## TASK DETAILS
Each line of the material below is to be given again exactly.

##### DATA #####

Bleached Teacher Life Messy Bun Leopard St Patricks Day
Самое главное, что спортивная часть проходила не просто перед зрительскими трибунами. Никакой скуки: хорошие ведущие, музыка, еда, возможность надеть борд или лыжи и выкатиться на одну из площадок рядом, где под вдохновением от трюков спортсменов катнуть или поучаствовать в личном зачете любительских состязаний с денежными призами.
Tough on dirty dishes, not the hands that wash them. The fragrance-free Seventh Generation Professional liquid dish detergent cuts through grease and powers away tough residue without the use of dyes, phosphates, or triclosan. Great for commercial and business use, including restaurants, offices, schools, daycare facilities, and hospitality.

#####

## WRITTEN ANSWER
Bleached Teacher Life Messy Bun Leopard St Patricks Day
Самое главное, что спортивная часть проходила не просто перед зрительскими трибунами. Никакой скуки: хорошие ведущие, музыка, еда, возможность надеть борд или лыжи и выкатиться на одну из площадок рядом, где под вдохновением от трюков спортсменов катнуть или поучаствовать в личном зачете любительских состязаний с денежными призами.
Tough on dirty dishes, not the hands that wash them. The fragrance-free Seventh Generation Professional liquid dish detergent cuts through grease and powers away tough residue without the use of dyes, phosphates, or triclosan. Great for commercial and business use, including restaurants, offices, schools, daycare facilities, and hospitality.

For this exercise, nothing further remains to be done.